Monday, July 21, 2014

Argentina and the BRICS

Argentina was invited to the recent BRICS meeting that announced a new development bank, which is actually called the New Development Bank (NDB). As Fabiana Frayssinet notes in Argentina Once More on the Map, Invited by BRICS Inter Press Service 06/18/2014, this could mean that the BRICS (Brazil, Russia, India, China, South Africa) might have to be changed to "BRICSA, ABRICS or BRICAS, if Argentina is admitted."

The Buenos Aires Herald reports that Argentine President Cristina Fernández used the opportunity of the BRICS meetings to state her position in defiance of Nixon-appointed zombie judge Thomas Griesa that is trying to push Argentina into bankruptcy at the end of this month (Default by default 07/21/2014):

There her tone was not so much that Argentina would not pay as that Argentina had already paid (remitting the corresponding deposit to New York at the end of last month, which was immediately frozen by Manhattan judge Thomas Griesa) — she further argued that the existing 2005 and 2010 bond swaps favoured holdout creditors because even a starting 70 percent haircut would later permit them profits trebling the outlay on debt bought at junk bond levels of 10 percent. CFK also seemed to assume that there could be no default without one being declared by the government in question and she herself had no intention of taking such a step herself, ergo no chance of default. The substance of this speech hardly differed from her Flag Day declaration of a willingness to "pay 100 percent of bondholders," a pledge prompting the market optimism until recently, but the change of tone has prompted uncertainty.
There is another hearing before the Nixon zombie judge on July 22.

A Mexican economist uses the Argentine conflict with the Nixon zombie judge to illustrate the need for institutions like the NDB (reported by Mario Osava, International Reform Activists Dissatisfied by BRICS Bank Inter Press Service 07/22/2014):

“We want an international system that serves the majority, not just the seven most powerful countries (the Group of Seven),” that does not depend on the dollar and that has an international arbitration tribunal for financial controversies, said Oscar Ugarteche, an economics researcher at the National Autonomous University of Mexico.

"It is unacceptable that a district court judge in New York should put a country at risk," he told IPS, referring to the June ruling of the U.S. justice system in favour of holdouts ("vulture funds") in their dispute with Argentina, which could force another suspension of payments.

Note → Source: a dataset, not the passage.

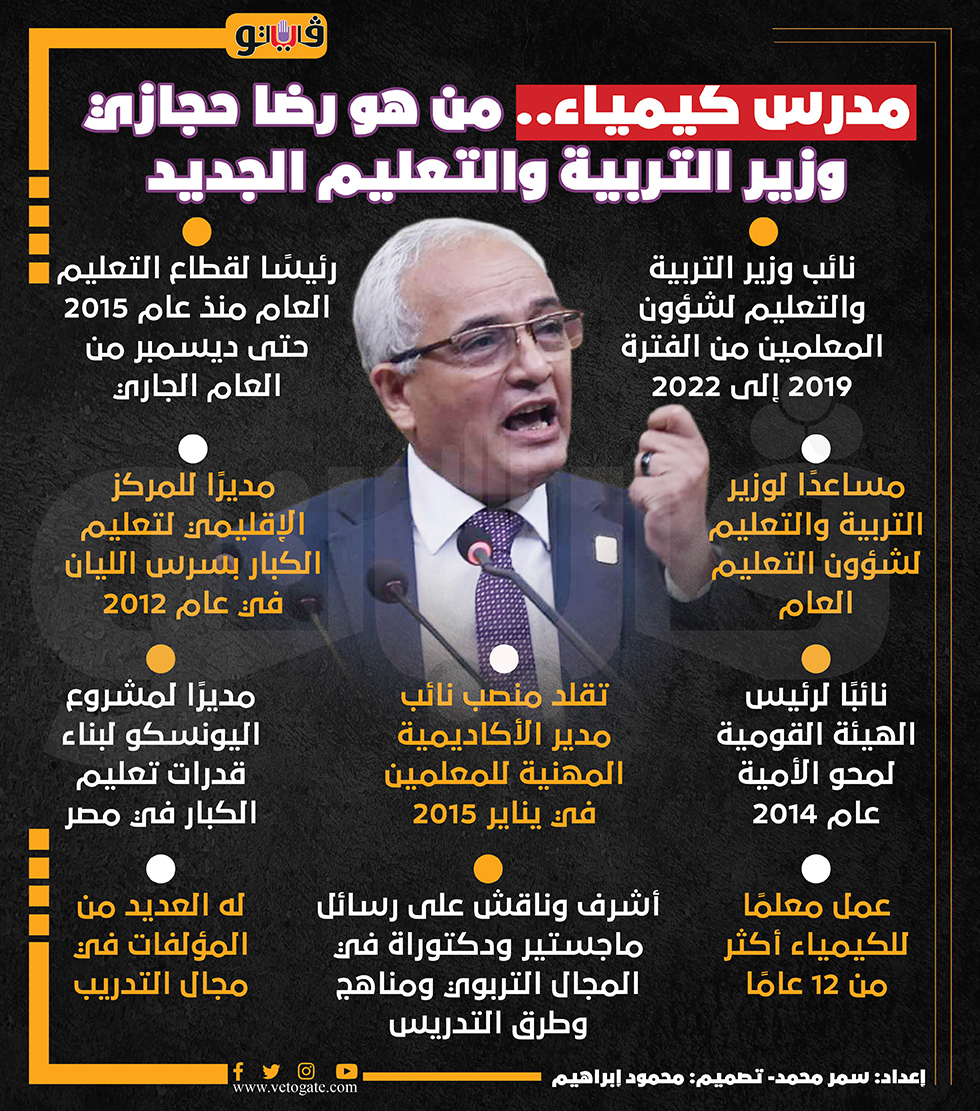مدرس كيمياء.. من هو رضا حجازي وزير التربية والتعليم الجديد | إنفوجراف السبت 13/أغسطس/2022 - 06:20 م 8/13/2022 6:20:52 PM رضا حجازي سمر محمد شارك طباعة 18 حجم الخط شارك طباعة الأكاديمية المهنية للمعلمين التعديل الوزارى التعديل الوزاري الجديد وزير التربية والتعليم الجديد

"We need international financial law," similar to existing trade law, and an end to the dominance of the dollar in exchange transactions, which enables serious injustice against nations and persons, like embargoes on payments and income in the United States, he said.

"Existing international institutions do not work," and the proof of this is that they have still not overcome the effects of the 2008 financial crisis, said the Mexican researcher.

Major powers like the United States and Japan have unsustainable debt and fiscal deficits, yet are not harassed by the International Monetary Fund (IMF), in contrast to the treatment meted out to less powerful nations, particularly in the developing South.